Hand in via moodle at: \url{https://moodle.umass.edu/course/view.php?id=20836}.
Remember that only PDF submissions are accepted. We encourage using
\LaTeX\ to produce your writeups. See \verb+hw00.tex+ for an example
of how to do so. You can make a \verb+.pdf+ out of the \verb+.tex+ by
running ``\verb+pdflatex hw00.tex+''. You'll need mydefs.sty and notes.sty which can be downloaded from the course page.
\bee
\i At the face of it, OVO seems more computationally intensive at training time than OVA because it trains $O(K^2)$ classifiers rather than $O(K)$ classifiers. However, all of the K-many OVA classifiers are on the full data set of N examples, while the $O(K^2)$ OVO classifiers are only on subsets of the data. Suppose that you have N data points, divided evenly into K classes (so that there are N/K examples per class).
\bee
\i Suppose that the training time for your binary classifier is linear in the number of examples it
receives. What is the complexity of training OVO and OVA, as a function of N and K?

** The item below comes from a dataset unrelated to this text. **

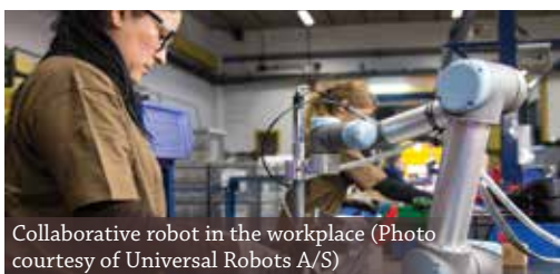
Collaborative robot in the workplace

One of the most interesting developments in robotics is the emergence and growing popularity of so-called collaborative robots, or cobots. Cobots, in contrast to traditional industrial robots, are designed to work side-by-side with human workers in a shared workspace. They are typically smaller and less powerful than traditional robots and are equipped with a variety of proximity sensors, load sensors, and other features designed to reduce the risk of dangerous interactions with the people working around them. This focus on safety means that cobots are easier to deploy in a normal factory setting, since they don't require special fenced off operating areas. Cobots are also designed to be easy to program, so that setup is simplified and a cobot can be easily and quickly reconfigured for new tasks. Cobots have been used to perform repetitive tasks in light assembly, packaging, materials handling, and medical laboratories. Remote and minimally invasive surgeries are another area of application. Cobots are also used in environments where direct human interaction could be dangerous, including high temperatures, chemically aggressive reagents and toxic pathogens, to name a few. (In particularly harsh environments, cobots designed for normal factory operations may require special measures such as protective wrapping or extended end-effectors to ensure reliable long-term performance.)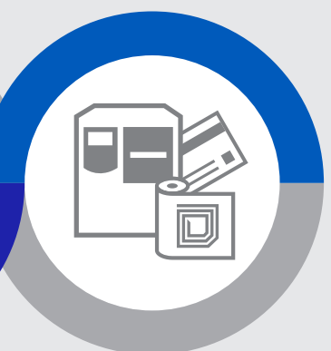
Printer Encoders, Inlays, Labels and Cards

\i Suppose the training time is quadratic; then what is the complexity of OVO and OVA?
\ene
\i We are given a binary classifier $f$ that can predict which of the two items $a$ or $b$ is ranked higher. From this we can obtain a ranking of $N$ items by considering all pairs and ordering items them based on how many times they were ranked higher. This method requires $O(N^2)$ evaluations of $f$. Describe how one might rank these items using $O(N\log N)$ evaluations of $f$?
\i Explain why stacked classifiers are more susceptible to overfitting than regular classifiers.
\ene
\end{document}